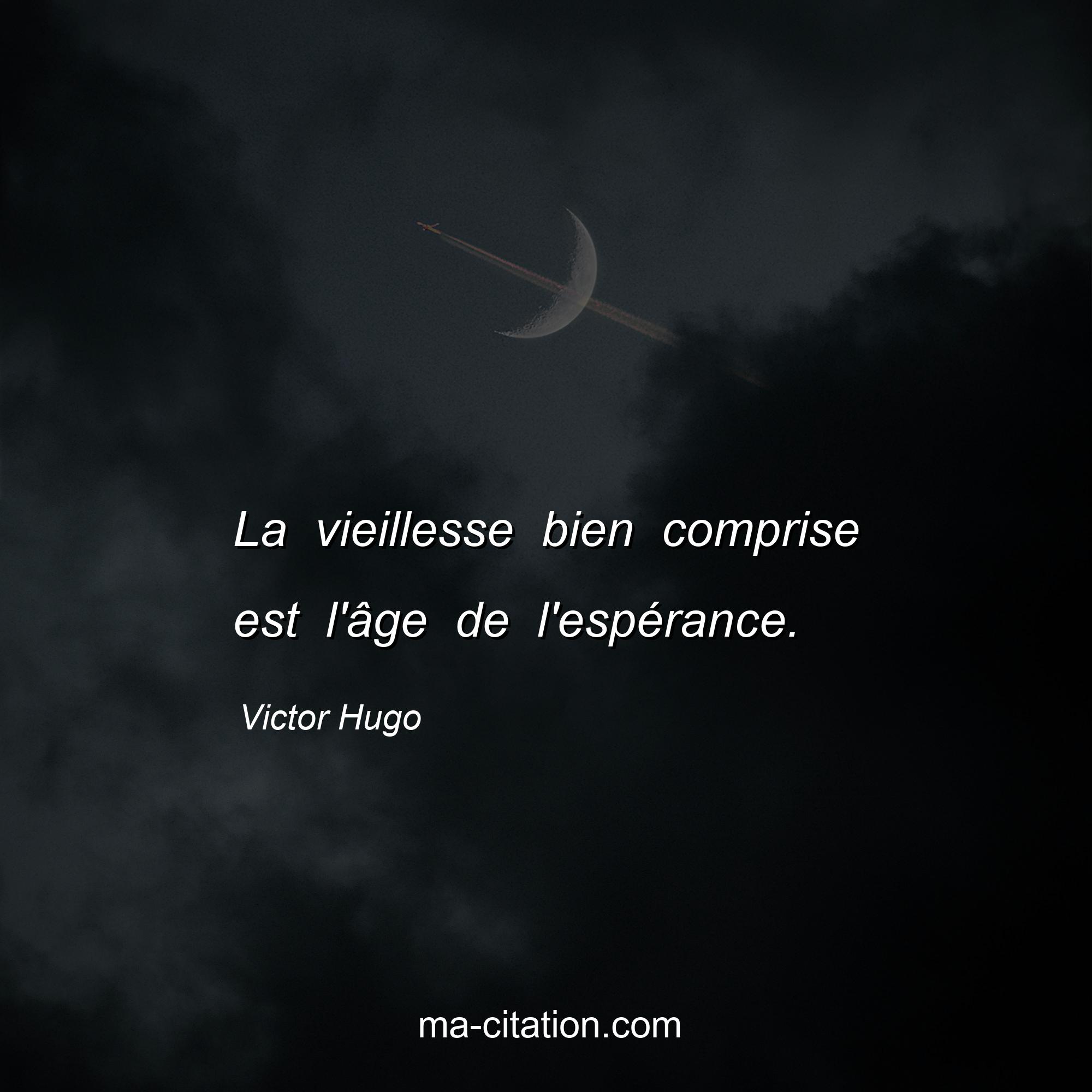 Citation sur la vie de Victor Hugo :La vieillesse bien comprise est l'âge de l'espérance.
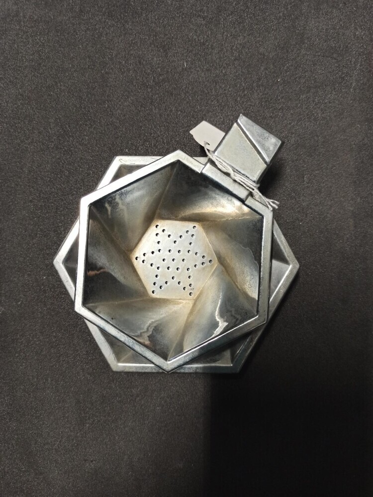 Zeskantig theezeefje met bijbehorend schoteltje
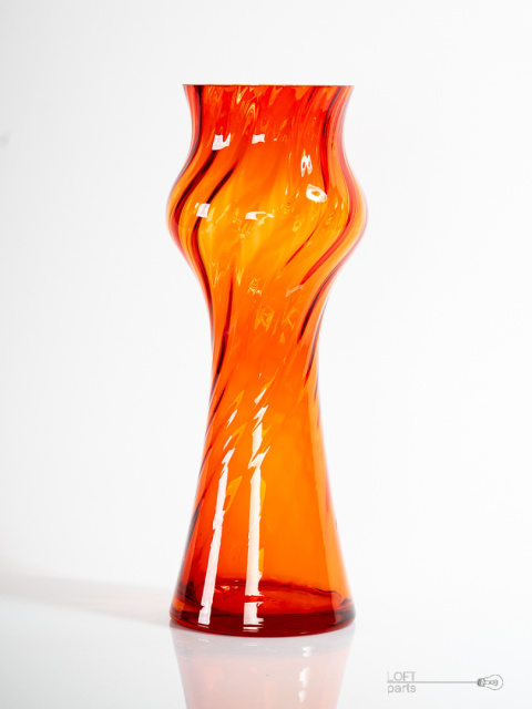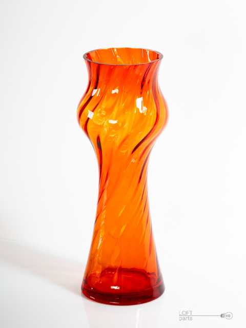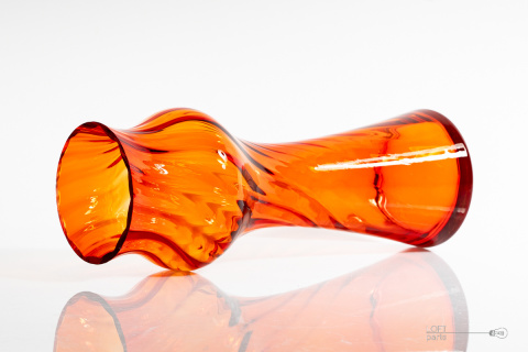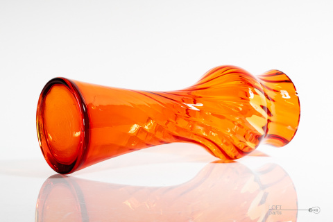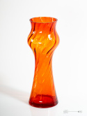 Czerwono-pomarańczowy wazon zaprojektowany przez Ludwika Fiedorowicza. Wyprodukowany w Hucie Szkła Gospodarczego Ząbkowice.
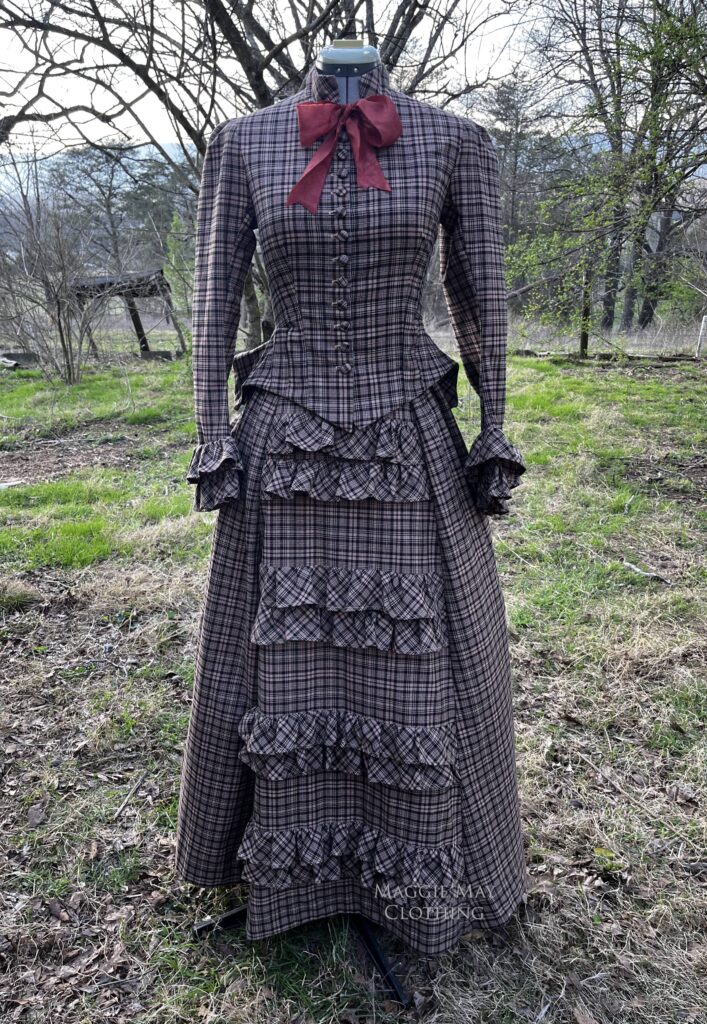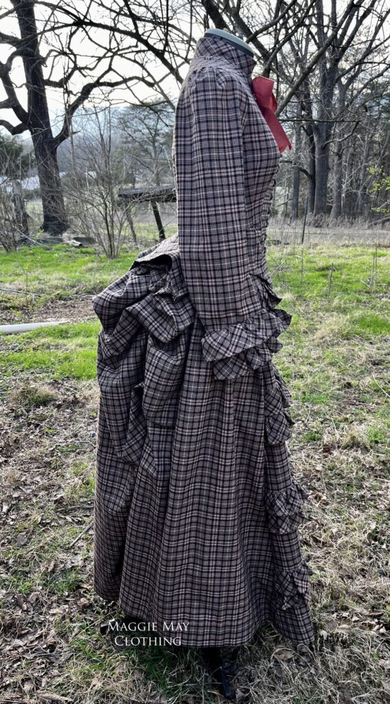 We designed this beautiful 1880s era plaid cotton dress for an autumn museum exhibit. This 1880s era bustle gown is also our 2024 DRESS OF THE YEAR! Read on to find out why!
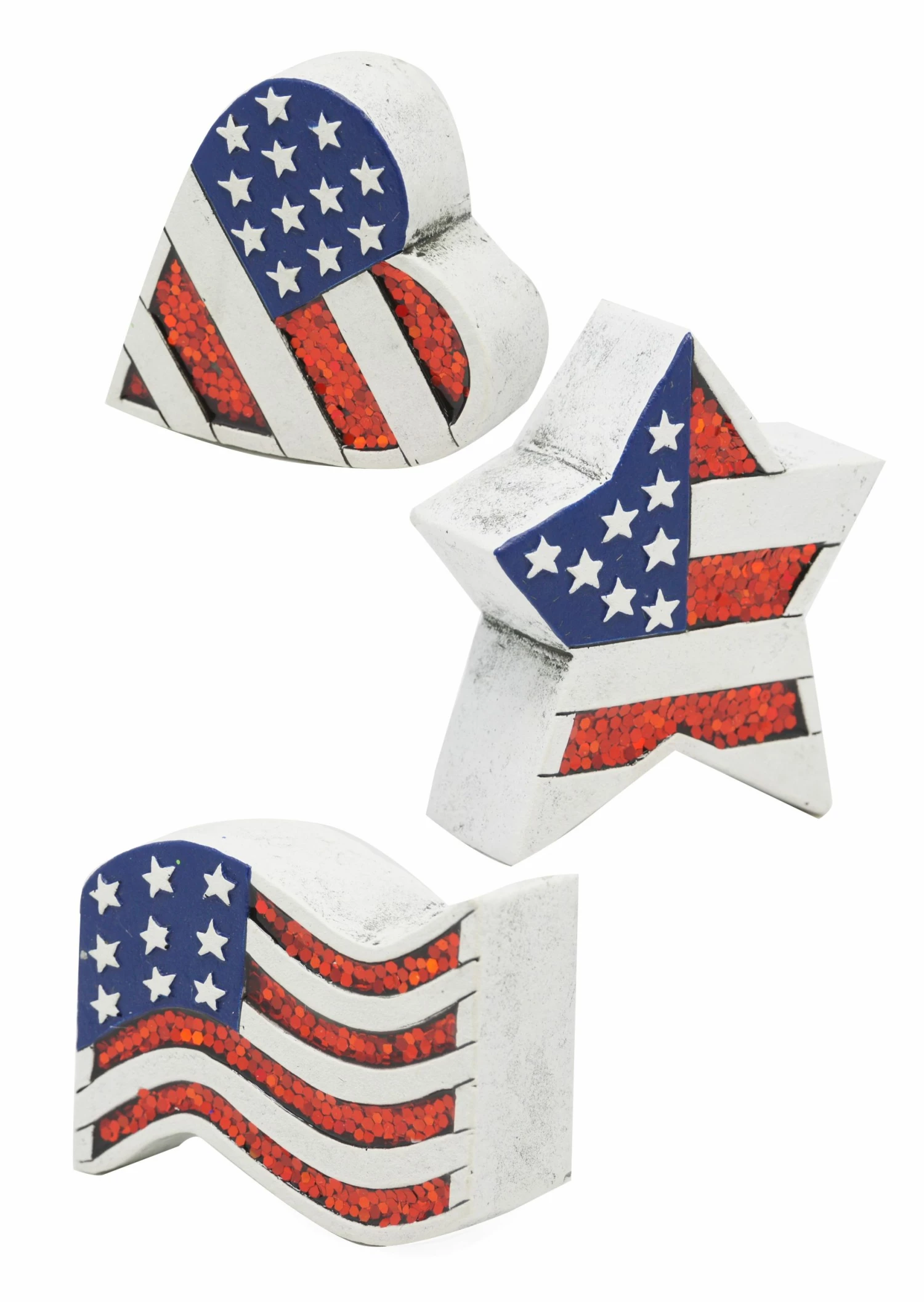Show your patriotism with these decorative stones. Features glittery color accents that catch the light which makes them sparkle during the day.
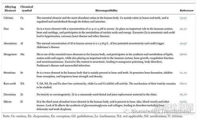 表1、鎂合金中合金元素生物學(xué)功能的簡要總結(jié)
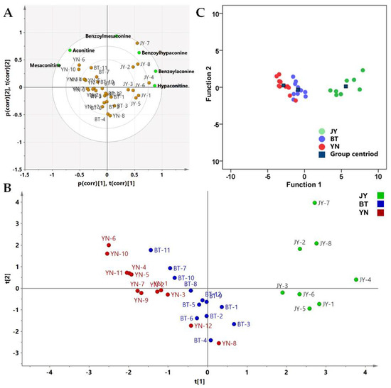 (A) Biplot of the PCA; (B) 2-D loadings plot and scores of the PCA; (C) Scores plot of the canonical discriminant functions of the 32 samples. JY is the Fuzi from Jiangyou; BT is the Fuzi from Butuo; and YN is the Fuzi from Yunnan.

• • • •

**Work item:** Return each line of the material exactly as written; exclude the pictures.

**Your response:**
 Citation sur la vie de Victor Hugo :La vieillesse bien comprise est l'âge de l'espérance.
 Zeskantig theezeefje met bijbehorend schoteltje
 Czerwono-pomarańczowy wazon zaprojektowany przez Ludwika Fiedorowicza. Wyprodukowany w Hucie Szkła Gospodarczego Ząbkowice.
 We designed this beautiful 1880s era plaid cotton dress for an autumn museum exhibit. This 1880s era bustle gown is also our 2024 DRESS OF THE YEAR! Read on to find out why!
Show your patriotism with these decorative stones. Features glittery color accents that catch the light which makes them sparkle during the day.
 表1、鎂合金中合金元素生物學(xué)功能的簡要總結(jié)
 (A) Biplot of the PCA; (B) 2-D loadings plot and scores of the PCA; (C) Scores plot of the canonical discriminant functions of the 32 samples. JY is the Fuzi from Jiangyou; BT is the Fuzi from Butuo; and YN is the Fuzi from Yunnan.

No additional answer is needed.